TMT-based quantitative proteomics analysis reveals the attenuated replication mechanism of Newcastle disease virus caused by nuclear localization signal mutation in viral matrix protein

Nuclear localization of cytoplasmic RNA virus proteins mediated by intrinsic nuclear localization signal (NLS) plays essential roles in successful virus replication. We previously reported that NLS mutation in the matrix (M) protein obviously attenuates the replication and pathogenicity of Newcastle disease virus (NDV), but the attenuated replication mechanism remains unclear. In this study, we showed that M/NLS mutation not only disrupted M’s nucleocytoplasmic trafficking characteristic but also impaired viral RNA synthesis and transcription. Using TMT-based quantitative proteomics analysis of BSR-T7/5 cells infected with the parental NDV rSS1GFP and the mutant NDV rSS1GFP-M/NLSm harboring M/NLS mutation, we found that rSS1GFP infection stimulated much greater quantities and more expression changes of differentially expressed proteins involved in host cell transcription, ribosomal structure, posttranslational modification, and intracellular trafficking than rSS1GFP-M/NLSm infection. Further in-depth analysis revealed that the dominant nuclear accumulation of M protein inhibited host cell transcription, RNA processing and modification, protein synthesis, posttranscriptional modification and transport; and this kind of inhibition could be weakened when most of M protein was confined outside the nucleus. More importantly, we found that the function of M protein in the cytoplasm effected the inhibition of TIFA expression in a dose-dependent manner, and promoted NDV replication by down-regulating TIFA/TRAF6/NF-κB-mediated production of cytokines. It was the first report about the involvement of M protein in NDV immune evasion. Taken together, our findings demonstrate that NDV replication is closely related to the nucleocytoplasmic trafficking of M protein, which accelerates our understanding of the molecular functions of NDV M protein.

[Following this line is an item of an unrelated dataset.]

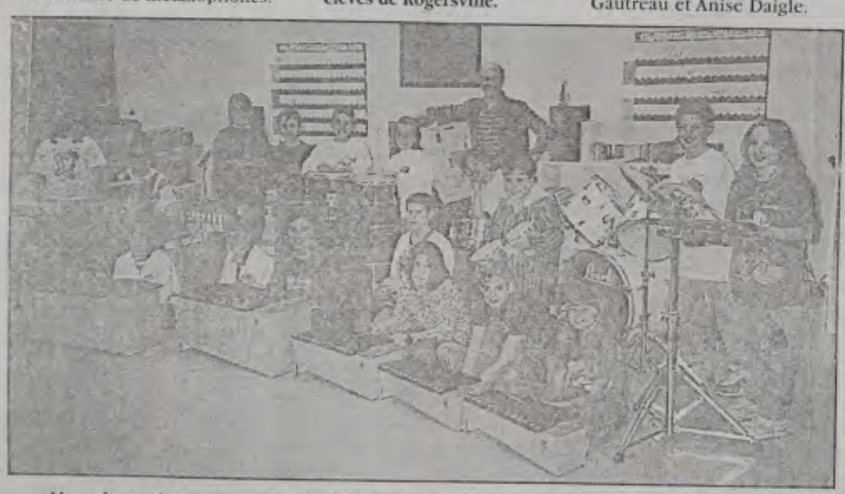
Une classe de musique de l'école W.-F. Boisvert de Rogersville.

Ceci est le dessin de Nicole pochette de la cassette des élèves de Rogersville.

胞质RNA病毒蛋白通过固有核定位信号（nuclear localization signal，NLS）介导的核定位过程，对病毒的成功复制至关重要。本团队此前研究发现，基质蛋白（matrix protein，M）上的NLS突变可显著减弱新城疫病毒（Newcastle disease virus，NDV）的复制能力与致病性，但其复制减弱的具体分子机制仍不明确。本研究证实，M蛋白/NLS突变不仅破坏了M蛋白的核质穿梭特性，还损害了病毒RNA的合成与转录过程。采用基于串联质量标签（Tandem Mass Tag，TMT）的定量蛋白质组学分析，对感染亲本NDV rSS1GFP以及携带M/NLS突变的突变株NDV rSS1GFP-M/NLSm的BSR-T7/5细胞进行检测后发现，相较于rSS1GFP-M/NLSm感染组，rSS1GFP感染组可诱导更多数量的差异表达蛋白，且这些参与宿主细胞转录、核糖体结构、翻译后修饰以及胞内运输的差异蛋白的表达变化幅度更为显著。进一步的深度分析表明，M蛋白的主导性核积累会抑制宿主细胞的转录、RNA加工与修饰、蛋白质合成、转录后修饰以及运输过程；而当大部分M蛋白被限制于细胞核外时，这种抑制作用会被削弱。更为关键的是，本研究发现细胞质中的M蛋白可通过剂量依赖的方式抑制TIFA的表达，并通过下调TIFA/TRAF6/NF-κB介导的细胞因子产生来促进NDV的复制。本研究首次报道了M蛋白参与NDV免疫逃逸的现象。综上，本研究结果证实NDV的复制与M蛋白的核质穿梭特性密切相关，这一发现加深了我们对NDV M蛋白分子功能的理解。